As Burns and Martin wrote: “Mr. McCarthy went so far as to say he would push Mr. Trump to resign immediately: ‘I’ve had it with this guy,’ he told a group of Republican leaders.” When that story got out, McCarthy issued a categorical denial. Never happened. Made up. Fiction.

It wasn’t.

Burns and Martin had it all on tape, and richest of all – our playwrights are flirting with farce here – McCarthy said he was done with Trump in a conversation that included Wyoming congresswoman Liz Cheney, one of the few Republicans immediately after the Capitol attack vowing to hold Trump to account. McCarthy, of course, never followed through on Trump, but instead drummed Cheney out of Republican leadership, attacked her patriotism and is hoping to prevent her re-election.

At first McCarthy’s obvious world-class lying seemed to put his leadership position in question, but that’s not how this conservative drama rolls. Our Kevin dismissed his prevarications as just typical old efforts to divide Republicans ahead of the November election. In other words, McCarthy lied about lying, then lied about why he had lied.

I know it’s difficult to follow the plot, but just know that lying is what it’s all about in this play. To explain just how contemporary this drama is you must understand that such fable-making was once, in a democracy far, far away, a disqualifying action by such senior and seasoned actors.

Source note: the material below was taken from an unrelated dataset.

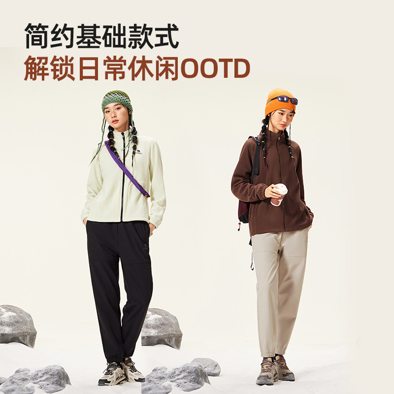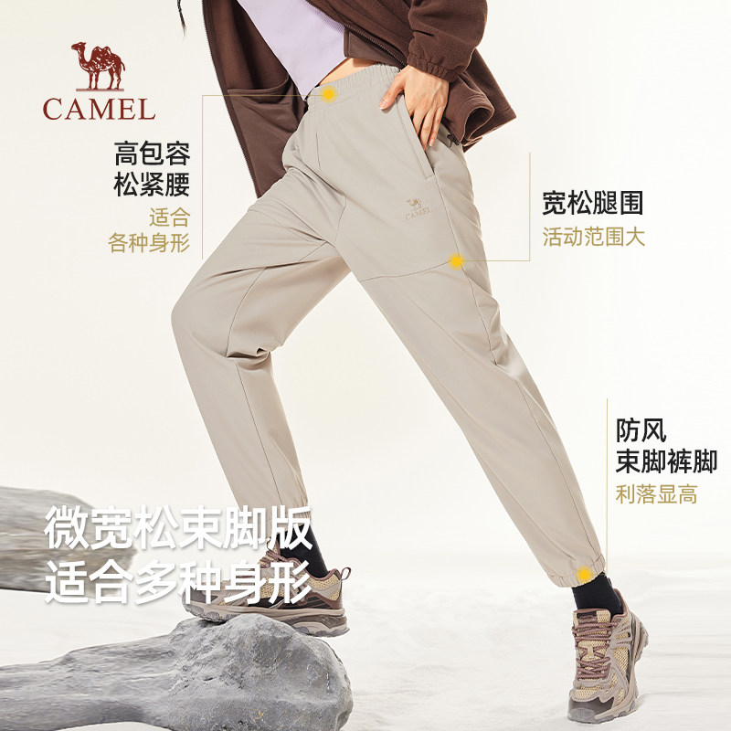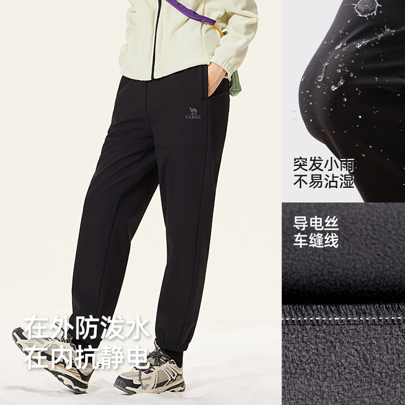骆驼女装2025秋冬新款软壳裤休闲裤弹力加绒裤防水抗静电束脚裤女

Now, getting caught on tape saying one thing while doing another in public or denying the content of text messages you wrote is just the conservative brand.

We need to stay tuned for Act Three to see how this production ends, but here is a spoiler. Politicians like Lee and McCarthy are nothing more or less than what they appear to be, and they never change. The craven, opportunist given to manipulation and lying to keep status, or power or to save face is a standard character on stage. Shakespeare had many such louts – Iago, Cassius and Richard III – and the modern conservative movement does, as well.

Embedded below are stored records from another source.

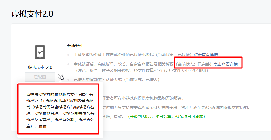 《火柴人快打》在资质已完善的情况下,申请开通虚拟支付,然后被驳回,说需要提供 版号文件+软著+授权书(如截图)。
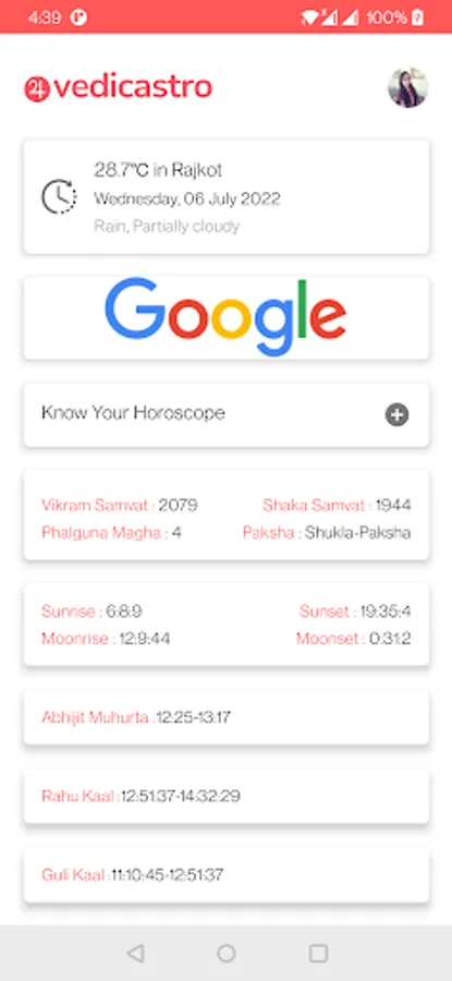 This application facilities of astrology. It provides day wise Weather, Muhurta, Yog, kaal, nakshatra, Tithi. You can get your horoscope also by adding your birth details.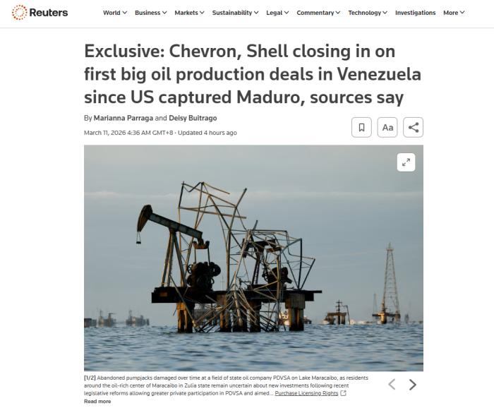 中新网3月11日电在2个月前美国政府对委内瑞拉实施军事打击并强行控制了尼古拉斯·马杜罗总统夫妇后,近日,石油巨头雪佛龙和壳牌公司接近与委内瑞拉达成首批重大石油生产协议。

But in our drama, it’s the bit players who bear watching in Act Three, the silent, striving senators like Risch and Crapo in Idaho and Daines in Montana and the get along-go-along members of Congress like McMorris Rodgers in eastern Washington, Rosendale in Montana and Simpson and Fulcher in Idaho. These minor, but still important characters knew back at the beginning of Act One, back when the lying conman at the center of our drama rode down his escalator, that this could all be a horror show. Many of them said so at the time, but then the plot shifted, and craven became cozy. Looking away became commonplace.

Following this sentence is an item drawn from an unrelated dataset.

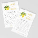 Torne o seu chá de panela inesquecível com a divertida e sentimental Aconselhamento a Lemon e Deseja o Jogo do Chá de panela. Apresentando um animado design com limões, com limões amarelos brilhantes, folhas verdes e elegantes roteiro, este jogo é um ajustado perfeito para celebrações ensolaradas e inspiradas nos citros. Convidados podem compartilhar seus melhores conselhos e desejos sinceros para a noiva em cartas lindamente desenhadas, criando um guardião que ela vai tesourar para sempre. As placas são impressas em estoque resistente e de alta qualidade para memórias fáceis de escrevendo e duradouras. Este jogo acrescenta um elemento doce e interativo ao seu chá, encorajando risos, amor e momentos significativos. Perfeito para festas de jardim, chás de verão, ou eventos temáticos mediterrânicos, é simultaneamente pensativo e divertido!"

By the end of the first act – January 6 – they had so enabled the lying, the conspiracy theorizing and the demonization of all opposition that they found themselves paralyzed by fear. Fear of their own supporters. Fear of losing. Fear of the truth. These characters know the old rule: the weapon that appears in Act One must always be used. And so, it was in the attack on the Capitol.

Act Two, as King Kevin and Mike the Malicious have show us, was about old-fashioned degradation. Humiliation in public in service of advancing the plot.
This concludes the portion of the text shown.